*TASK DETAILS*.
Although the entries contain pictures, only their words should be duplicated exactly.

*PROVIDED DATA*.
"""

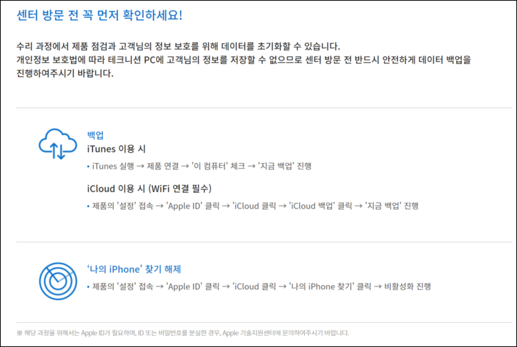 센터 방문 전 반드시 안전하게 데이터 백업을 해야한다는 점 잊지마시기 바랍니다.
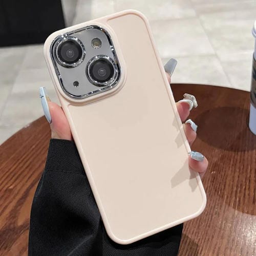 Caja de Teléfono para iPhone 13 con Marco de Lente Galvanizada y Película de Lente (Rosa Claro)
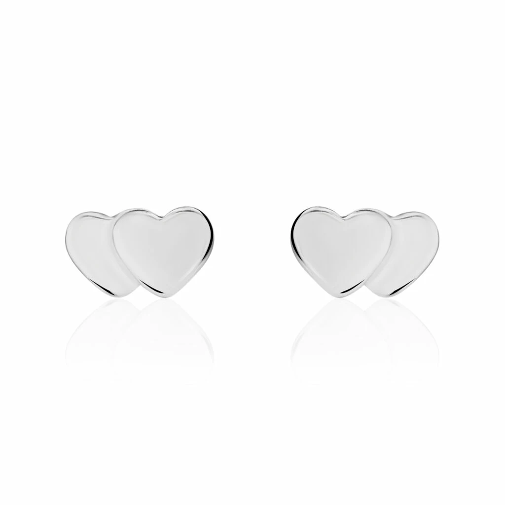 Boucles D’oreilles Puces Argent Blanc 925/1000 Double Cœurs
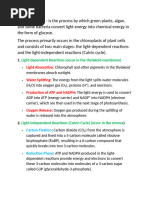 o Light energy is absorbed by chlorophyll and used to split water molecules
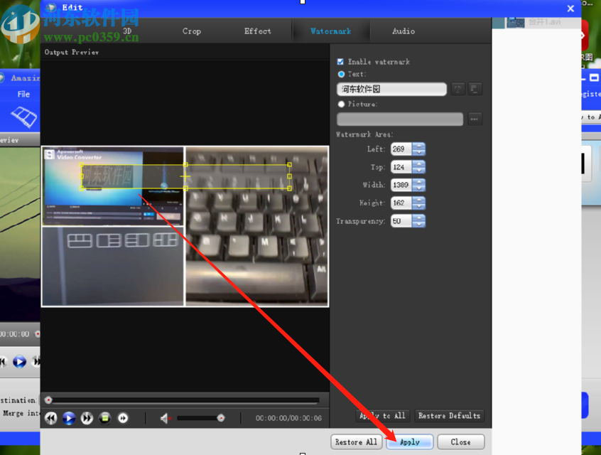 7.用户根据自己的需求设置好文字水印的样式之后,在视频中可以预览到水印的效果,满意的话点击右下角的Apply应用按钮即可保存添加水印的相关设置。
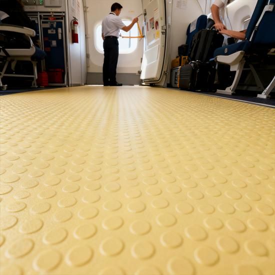 Aircraft interiors must not only meet functional requirements but also create a comfortable and stylish atmosphere. PVC aircraft flooring offers a wide range of design options, including various colors, textures, patterns, and surface finishes, allowing airlines to customize their flooring to match their brand identity and cabin aesthetics. From classic wood and stone textures to modern minimalist geometric patterns, PVC flooring provides endless possibilities. Additionally, different areas can have tailored designs—high-durability surfaces for aisles and more luxurious patterns for first-class seating areas—enhancing the overall passenger experience. Personalized flooring designs contribute to a more visually appealing and comfortable cabin environment.
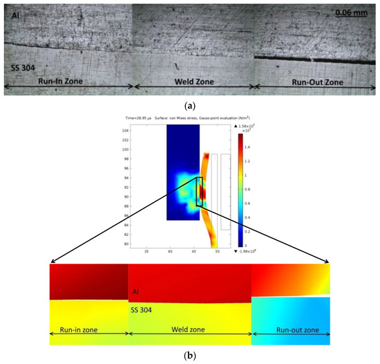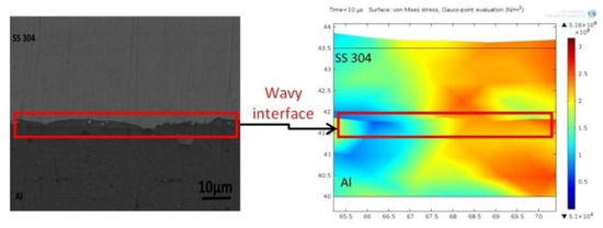 The pulse-welded Al-SS304 metal pair showed a wavy pattern at the impact zone, typical of MPW (Figure 6). The FEM also predicted a similar wavy morphology.
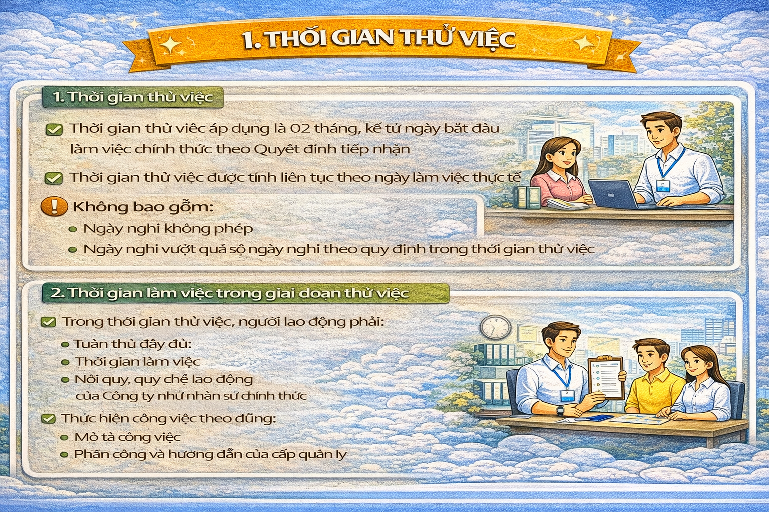 Thời gian thử việc áp dụng là 02 tháng, kể từ ngày bắt đầu làm việc chính thức theo Quyết định tiếp nhận

"""

*RESPONSE FOR THIS EXERCISE*.
 센터 방문 전 반드시 안전하게 데이터 백업을 해야한다는 점 잊지마시기 바랍니다.
 Caja de Teléfono para iPhone 13 con Marco de Lente Galvanizada y Película de Lente (Rosa Claro)
 Boucles D’oreilles Puces Argent Blanc 925/1000 Double Cœurs
 o Light energy is absorbed by chlorophyll and used to split water molecules
 7.用户根据自己的需求设置好文字水印的样式之后,在视频中可以预览到水印的效果,满意的话点击右下角的Apply应用按钮即可保存添加水印的相关设置。
 Aircraft interiors must not only meet functional requirements but also create a comfortable and stylish atmosphere. PVC aircraft flooring offers a wide range of design options, including various colors, textures, patterns, and surface finishes, allowing airlines to customize their flooring to match their brand identity and cabin aesthetics. From classic wood and stone textures to modern minimalist geometric patterns, PVC flooring provides endless possibilities. Additionally, different areas can have tailored designs—high-durability surfaces for aisles and more luxurious patterns for first-class seating areas—enhancing the overall passenger experience. Personalized flooring designs contribute to a more visually appealing and comfortable cabin environment.
 The pulse-welded Al-SS304 metal pair showed a wavy pattern at the impact zone, typical of MPW (Figure 6). The FEM also predicted a similar wavy morphology.
 Thời gian thử việc áp dụng là 02 tháng, kể từ ngày bắt đầu làm việc chính thức theo Quyết định tiếp nhận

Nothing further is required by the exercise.